Attachment #464778 - Flags: review?(dvander)
Comment on attachment 464778 [details] [diff] [review]
Implement loadValueAsComponents().


>+         * Loading into the ValueRegister is better than loading directly into type:
>+         * with this code, there are no interdependencies between type and payload,
>+         * allowing the instructions to be better pipelined. This is X64-specific.
>+         */
>+        loadValue(address, Registers::ValueReg);
>+        Label l = label();
>+        
>+        move(Registers::ValueReg, type);
>+        move(Registers::ValueReg, payload);
>+        move(Imm64(JSVAL_PAYLOAD_MASK), Registers::ValueReg);

Is it possible to load directly into type or payload rather than the to-be-clobbered ValueReg?
Attachment #464778 - Flags: review?(dvander) → review+
(In reply to comment #1)
> Is it possible to load directly into type or payload rather than the
> to-be-clobbered ValueReg?

Yes, that was what I was doing originally, since it's 'obviously better'. Testing showed that doing so actually gives significantly worse performance, to which I wave my hands and say 'pipelining'. The comment above the block tries to solidify the experience.
Cc'ing Moh, but dvander or sstangl should lay out example fast and slow machine code sequences.

/be
(In reply to comment #3)
> Cc'ing Moh, but dvander or sstangl should lay out example fast and slow machine
> code sequences.

We have a 64-bit fatval, and want to split it into a 17-bit type tag and 47-bit payload, with the type tag occupying the upper bits. Both of these are then loaded into separate registers.

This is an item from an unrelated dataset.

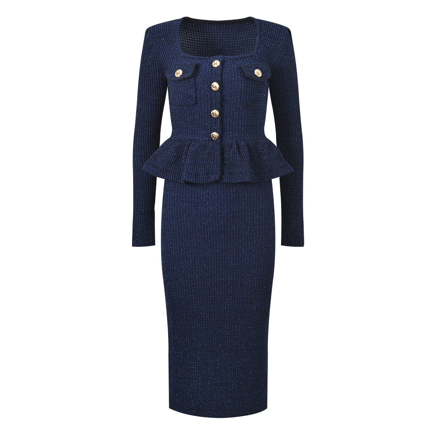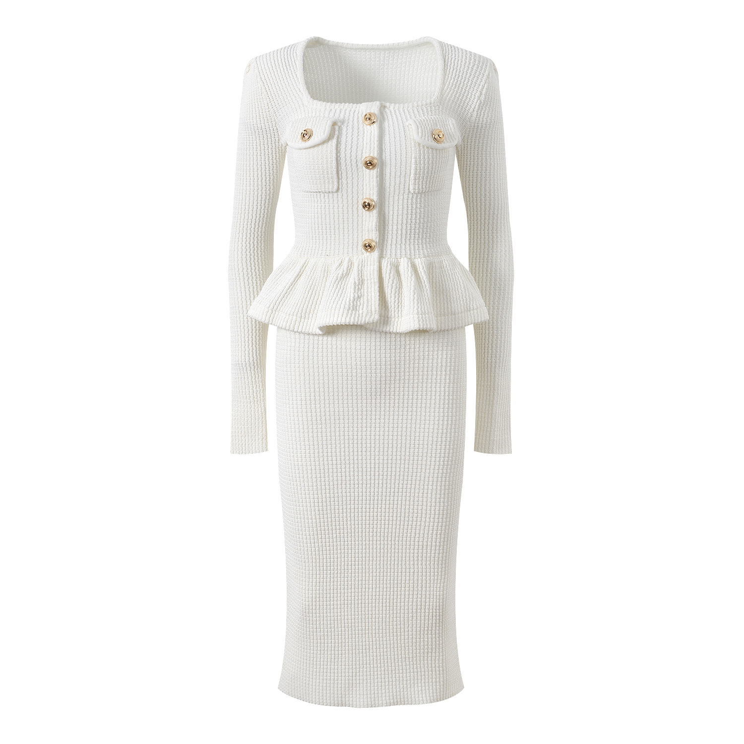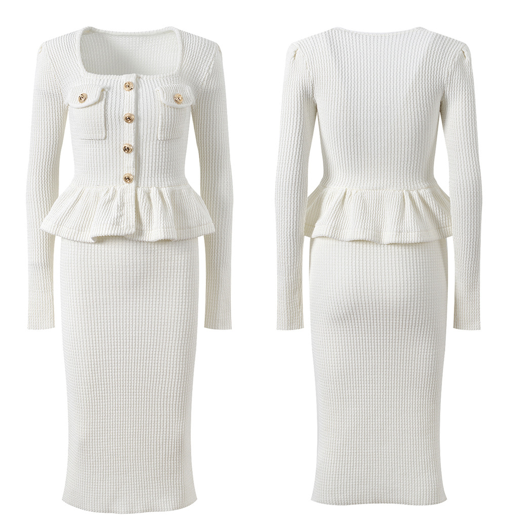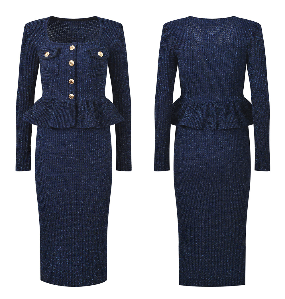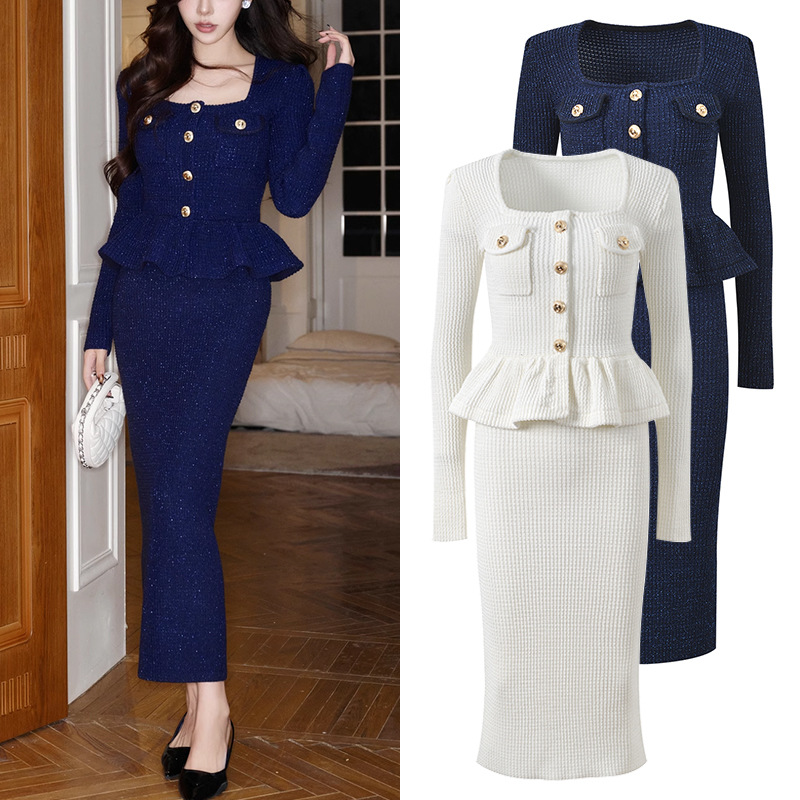 2025 autumn new French socialite light luxury square neck ruffle hem long sleeved goddess style elegant mid length skirt

We have three different implementations of this process, presented below, in order of measured slowest to measured fastest. Note that when these code examples occur they are often appended to each other, bearing variations in addresses and type and payload registers.

%r15 is the ValueReg, a scratch register.
%r11 is the JSC::scratchRegister, a scratch register used to load constants.
%rbx is the JSFrameReg, from which argument slots are indexed.
$0x7fffffffffff is the JSVAL_PAYLOAD_MASK.
$0xffff800000000000 is the JSVAL_TYPE_MASK.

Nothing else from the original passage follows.